[Input data — start]
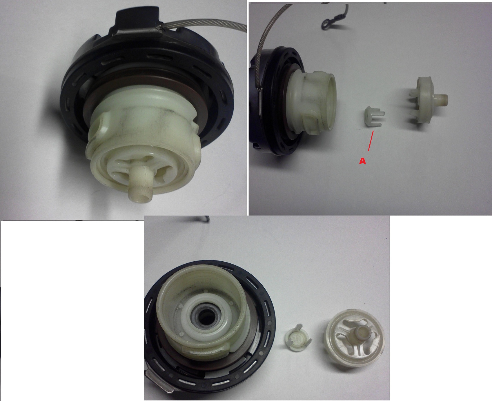 trying to figure out if a P0442 code that has triggered lately is gas cap related before shelling out big bucks for a new one. , i just remembered about a month ago when i was filling up,with gas, with cap in its hole on the filler cover,when pulling cap from hole it came apart and left the spigot part in the cover hole,in the pics below here is what i put back together.part A sits on top of a rubber seal and the spigot part snaps back in the cap body, after lots of searching the web it was mentioned something about a spring came out also ???. anyone know if i am missing a spring, Also there is a gas cap service kit 4G43-68-10936 available, anyone know whats in the kit.. any info would be greatly appreciated..
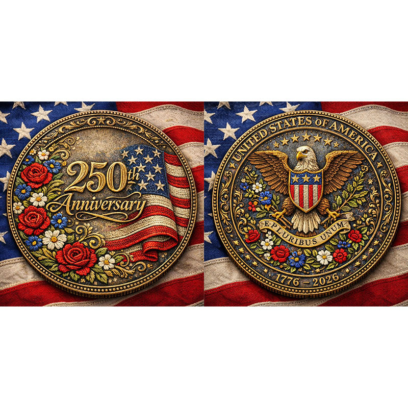 The front side displays the inscription “250th Anniversary” set against a flowing American flag backdrop. Intricate floral patterns surround the text, symbolizing remembrance, honor, and enduring beauty. The combination of patriotic colors and ornamental detailing reflects both national heritage and refined craftsmanship.
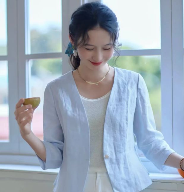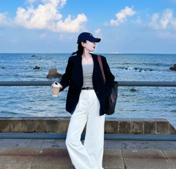 实际搭配时,无领西装的兼容度比想象中更高。内搭不必局限于衬衫,一件质感好的圆领针织衫或简约的丝质吊带,都能与无领口形成干净的比例。下装可以搭配同色系的高腰直筒裤,延续纵向线条的利落感;也可以与西装面料的半裙组合,适应办公室与下班后不同场景的切换。鞋履选择上,从皮质乐福鞋到简洁的平底穆勒鞋,都能与之自然融合,不会破坏整体的松弛感。
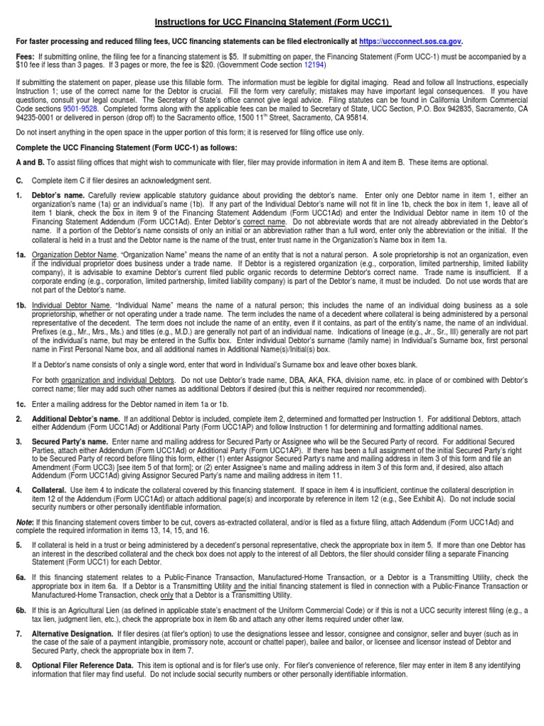 UCC1 Instructions PDF Debt Security Interest
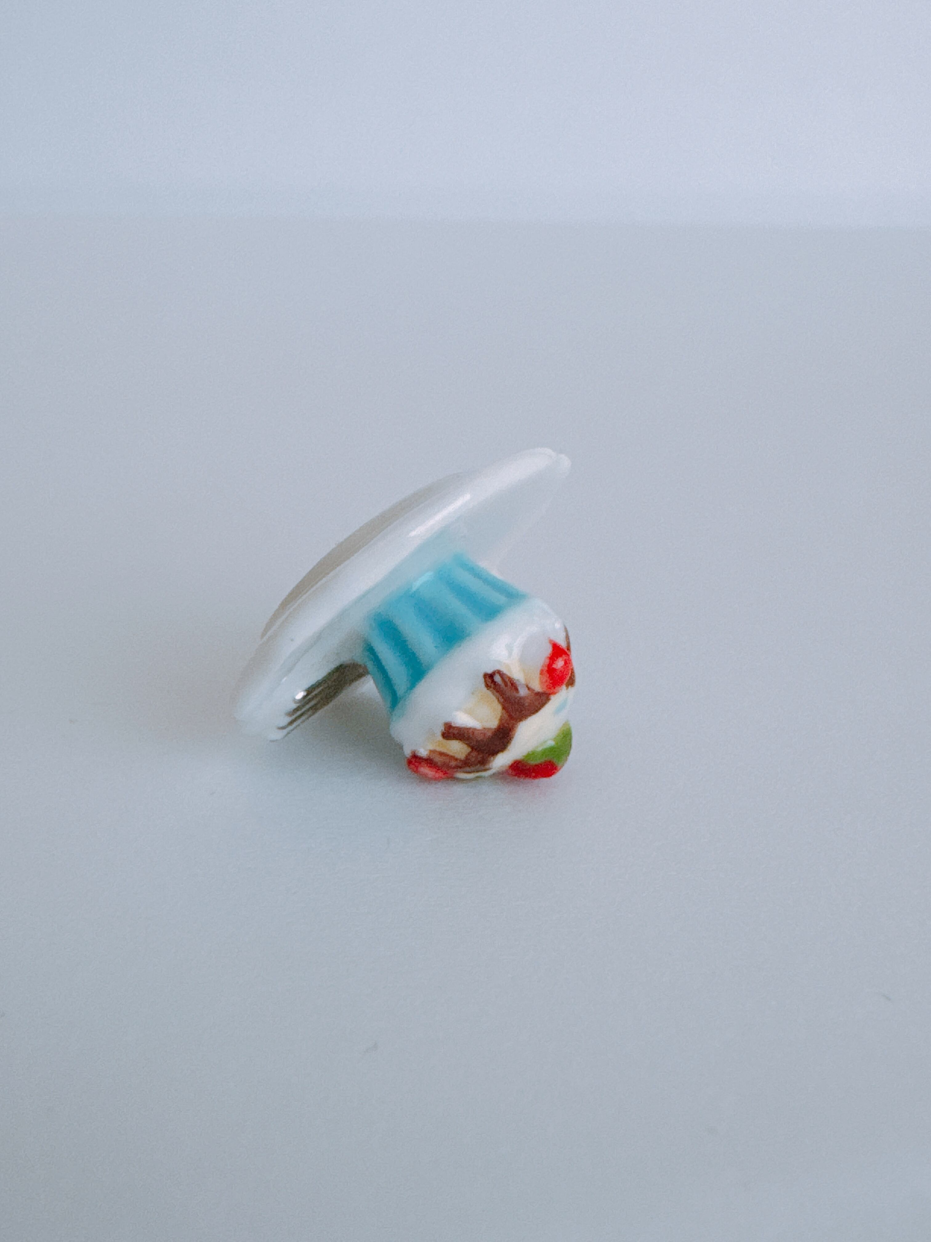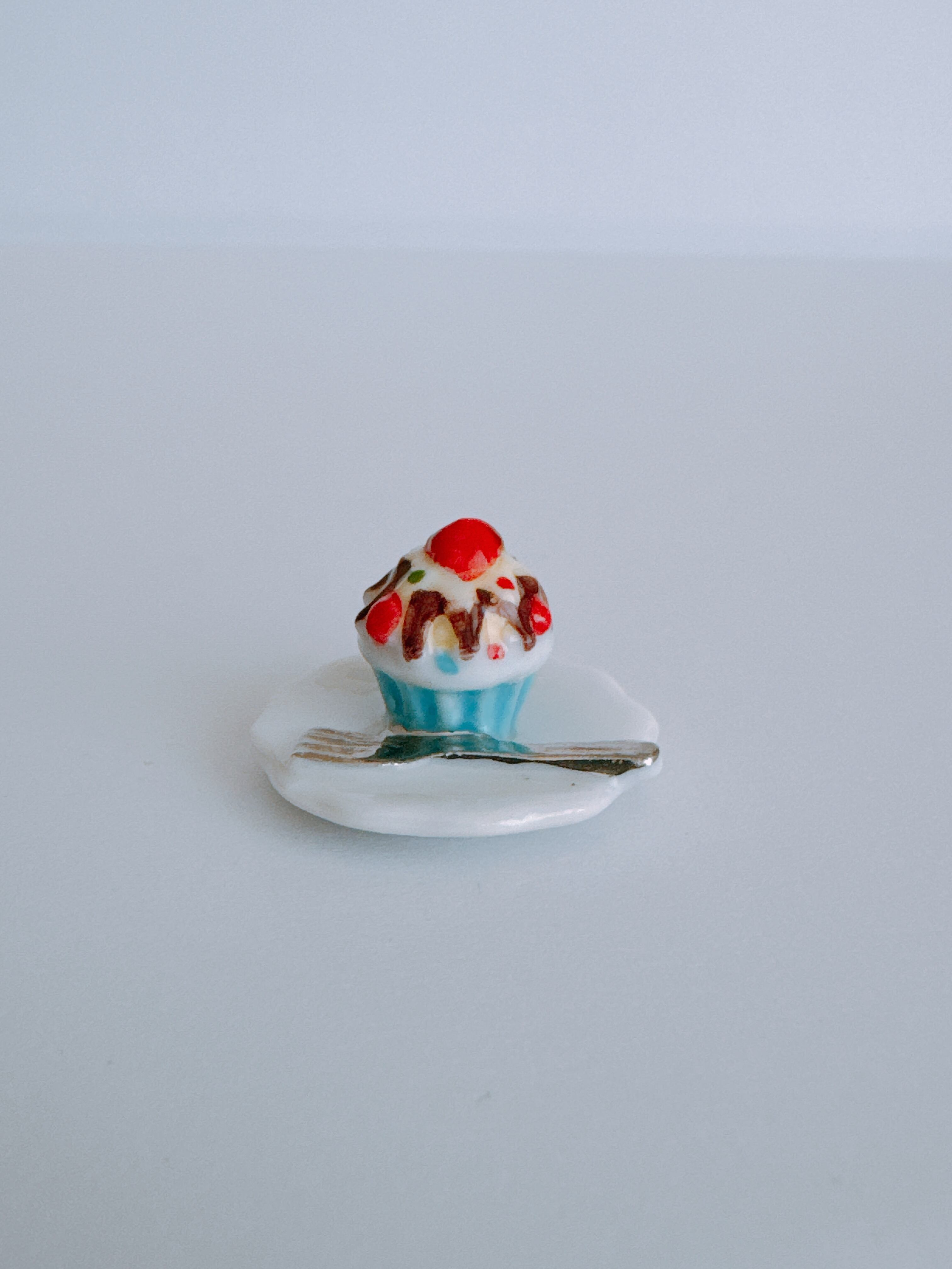クリームやフルーツ、チョコソースが豪華にトッピングされたカップケーキ。
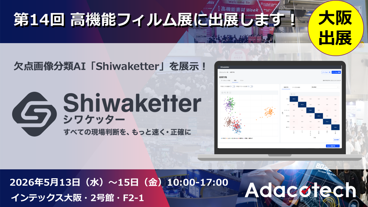 2026年5月13日(水)~15日(金)、インテックス大阪で開催される 「第14回 高機能フィルム展 - FILMTECH JAPAN -」 にアダコテックが出展いたします。
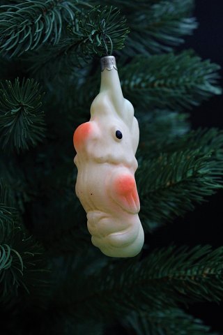 Old Christmas tree ornament in the shape of a little angel playing a trumpet in pearly white plastic from the 50s. Length 8cm.
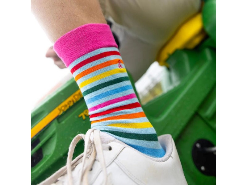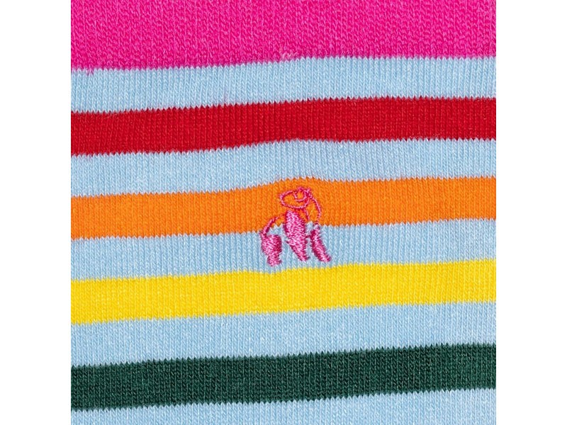 These pastel striped bamboo socks blend sky blue, pink, yellow, green and orange into a lively pattern that feels fresh and uplifting. Finished with bright pink cuffs heels and toes they add a playful touch to trainers and casual shoes.
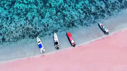 We'll visit another highlight of this trip, the Pink Beach, where tourists can stroll along the pink sand and splash in the ocean! Indonesia boasts a unique pink beach in Southeast Asia, boasting clear water and fine sand. The beach's pink color is attributed to the abundance of red coral on the seabed. Years of erosion by the sea have created a rich pink sand, which washes onto the shore. Over time, the beach is filled with red coral sand, giving it a vibrant pink hue. Taking photos here will captivate your senses from every angle!
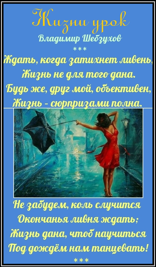Ждать, когда затихнет ливень, Не забудем, коль случится Сертификат публикации: № 1323-3140599320-26408 Text Copyright © Владимир Шебзухов Copyright © 2022 Романтическая Коллекция 16 Апреля 2022
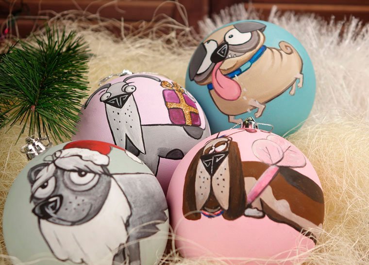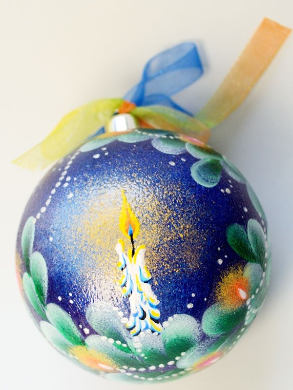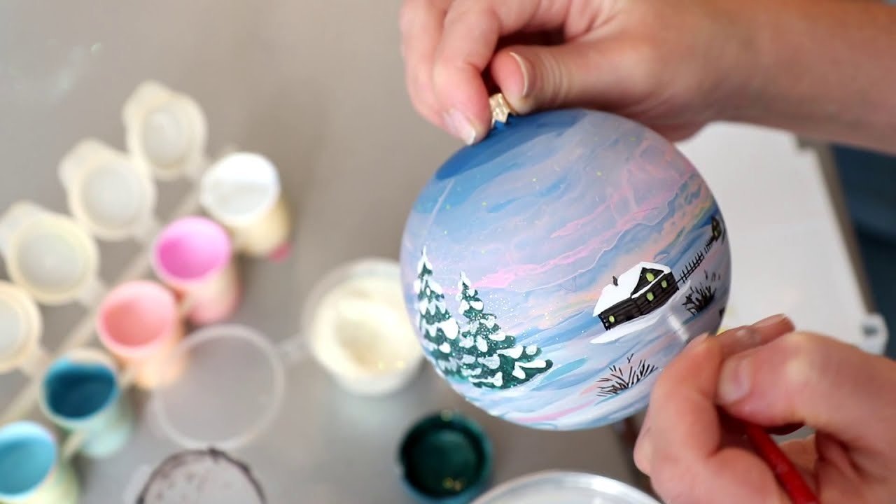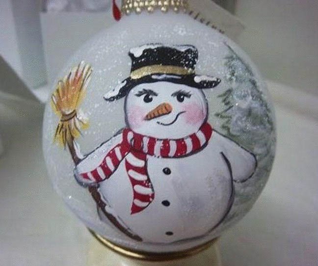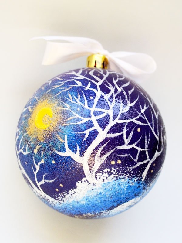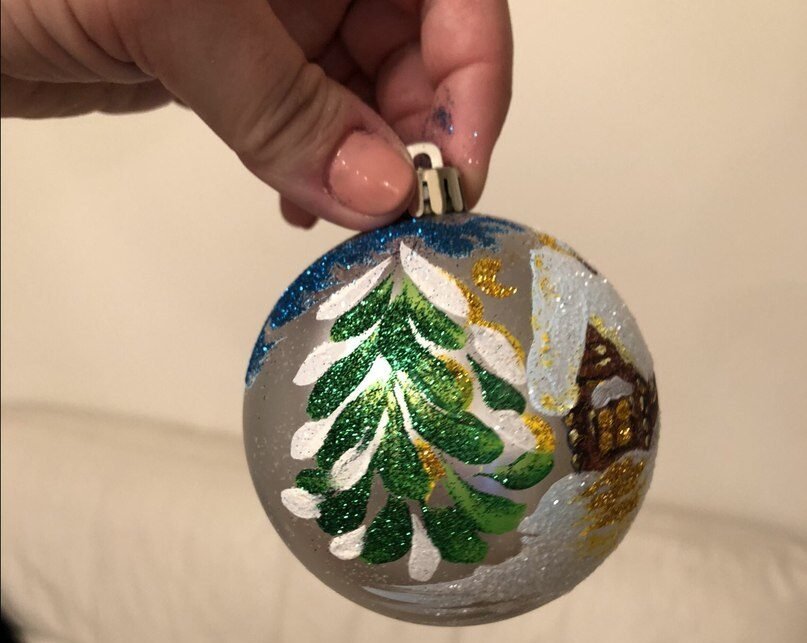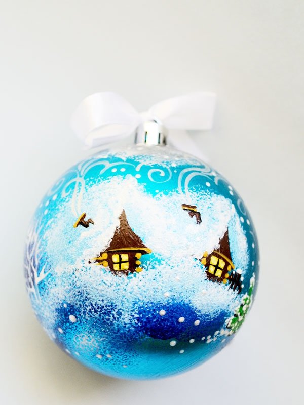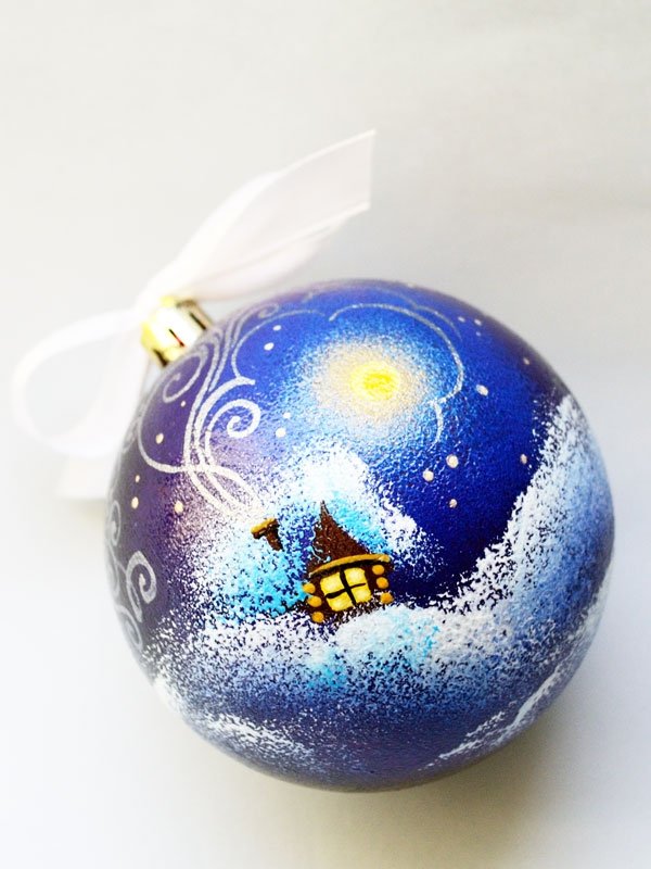![Роспись новогодних шаров своими руками акриловыми красками]()
[Input data — finish]
▸ **Work instruction**: Please reproduce the entries from above exactly; images are not part of the copy.

▸ **Task result**:
 trying to figure out if a P0442 code that has triggered lately is gas cap related before shelling out big bucks for a new one. , i just remembered about a month ago when i was filling up,with gas, with cap in its hole on the filler cover,when pulling cap from hole it came apart and left the spigot part in the cover hole,in the pics below here is what i put back together.part A sits on top of a rubber seal and the spigot part snaps back in the cap body, after lots of searching the web it was mentioned something about a spring came out also ???. anyone know if i am missing a spring, Also there is a gas cap service kit 4G43-68-10936 available, anyone know whats in the kit.. any info would be greatly appreciated..
 The front side displays the inscription “250th Anniversary” set against a flowing American flag backdrop. Intricate floral patterns surround the text, symbolizing remembrance, honor, and enduring beauty. The combination of patriotic colors and ornamental detailing reflects both national heritage and refined craftsmanship.
 实际搭配时,无领西装的兼容度比想象中更高。内搭不必局限于衬衫,一件质感好的圆领针织衫或简约的丝质吊带,都能与无领口形成干净的比例。下装可以搭配同色系的高腰直筒裤,延续纵向线条的利落感;也可以与西装面料的半裙组合,适应办公室与下班后不同场景的切换。鞋履选择上,从皮质乐福鞋到简洁的平底穆勒鞋,都能与之自然融合,不会破坏整体的松弛感。
 UCC1 Instructions PDF Debt Security Interest
クリームやフルーツ、チョコソースが豪華にトッピングされたカップケーキ。
 2026年5月13日(水)~15日(金)、インテックス大阪で開催される 「第14回 高機能フィルム展 - FILMTECH JAPAN -」 にアダコテックが出展いたします。
 Old Christmas tree ornament in the shape of a little angel playing a trumpet in pearly white plastic from the 50s. Length 8cm.
 These pastel striped bamboo socks blend sky blue, pink, yellow, green and orange into a lively pattern that feels fresh and uplifting. Finished with bright pink cuffs heels and toes they add a playful touch to trainers and casual shoes.
 We'll visit another highlight of this trip, the Pink Beach, where tourists can stroll along the pink sand and splash in the ocean! Indonesia boasts a unique pink beach in Southeast Asia, boasting clear water and fine sand. The beach's pink color is attributed to the abundance of red coral on the seabed. Years of erosion by the sea have created a rich pink sand, which washes onto the shore. Over time, the beach is filled with red coral sand, giving it a vibrant pink hue. Taking photos here will captivate your senses from every angle!
Ждать, когда затихнет ливень, Не забудем, коль случится Сертификат публикации: № 1323-3140599320-26408 Text Copyright © Владимир Шебзухов Copyright © 2022 Романтическая Коллекция 16 Апреля 2022
![Роспись новогодних шаров своими руками акриловыми красками]()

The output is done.